Where IHC falls short is with borderline results. A score of 2+ for HER2, for instance, doesn’t give a clear answer. That’s where FISH (fluorescence in situ hybridization) comes in. FISH looks directly at the number of copies of the HER2 gene inside the cell nucleus rather than measuring the protein on the cell surface. It’s considered the gold standard for HER2 status, but it costs more, requires specialized equipment, and takes longer. For this reason, IHC is used as the initial screening test, and FISH is reserved for cases where IHC is inconclusive.

The two tests measure different things: IHC detects protein levels on the cell surface, while FISH counts gene copies in the nucleus. Both have limitations, and in some cases doctors use them together for the most complete picture.

Chromogenic vs. Fluorescent Detection

Most IHC testing in clinical pathology labs uses chromogenic detection, where an enzyme converts a chemical into a colored deposit visible under a standard microscope. The brown stain produced by DAB is the most widely used because it lasts a long time and resists fading. A red stain is another option. This method offers greater sensitivity through signal amplification and produces slides that can be stored and reviewed for years.

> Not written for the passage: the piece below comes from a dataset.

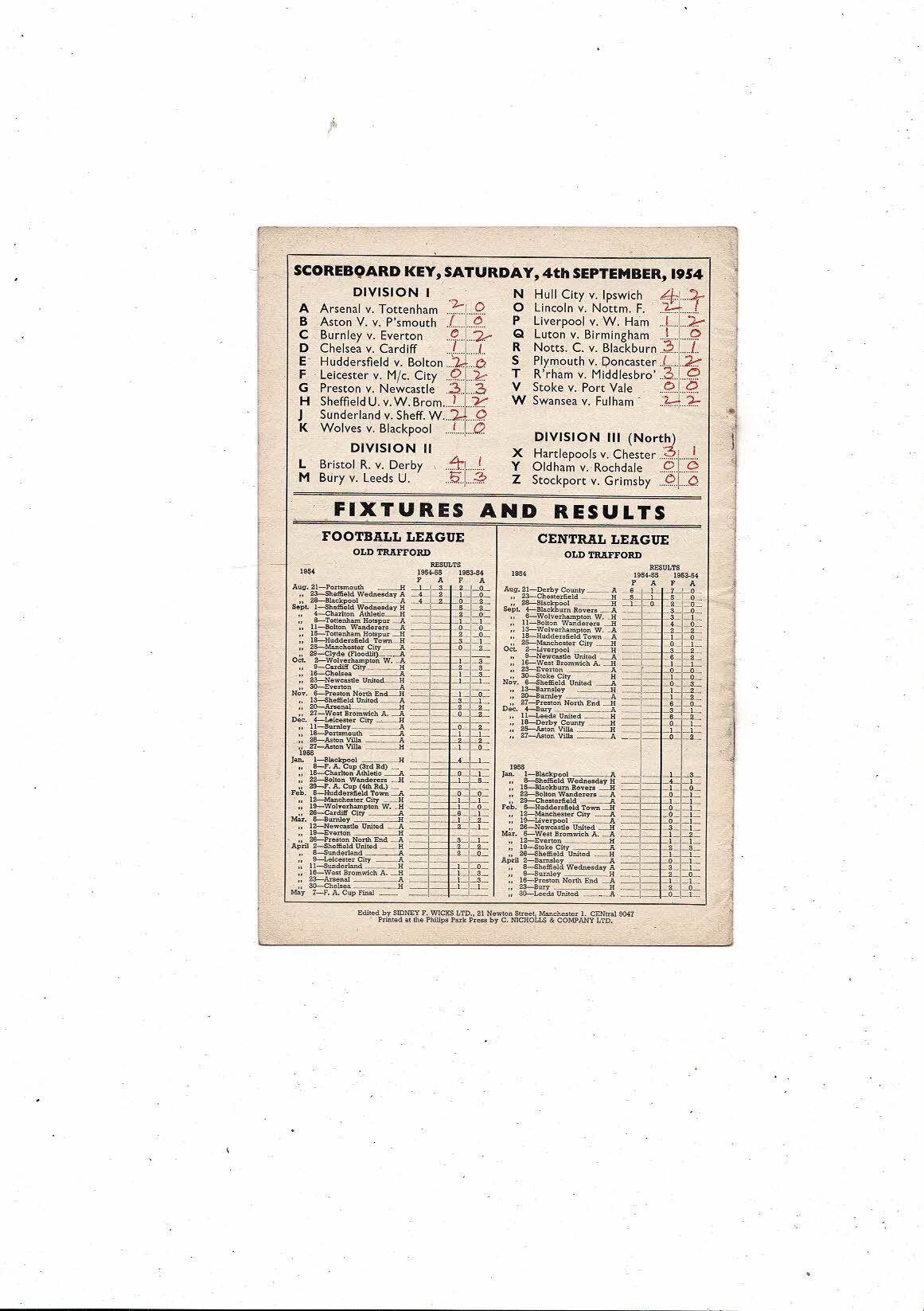 1954/55 Manchester United v Charlton Athletic Football Programme

Fluorescent detection uses antibodies tagged with molecules that glow under specific wavelengths of light. Its major advantage is multiplexing: pathologists can test for several proteins on the same tissue slice simultaneously, using different colors to distinguish each one. It also makes it easier to see when two proteins overlap in the same cell. The trade-off is that fluorescent signals fade with light exposure over time, and the technique requires a specialized fluorescence microscope rather than a standard one. In research settings, fluorescent IHC is common. In most diagnostic labs handling patient samples, chromogenic detection remains the default.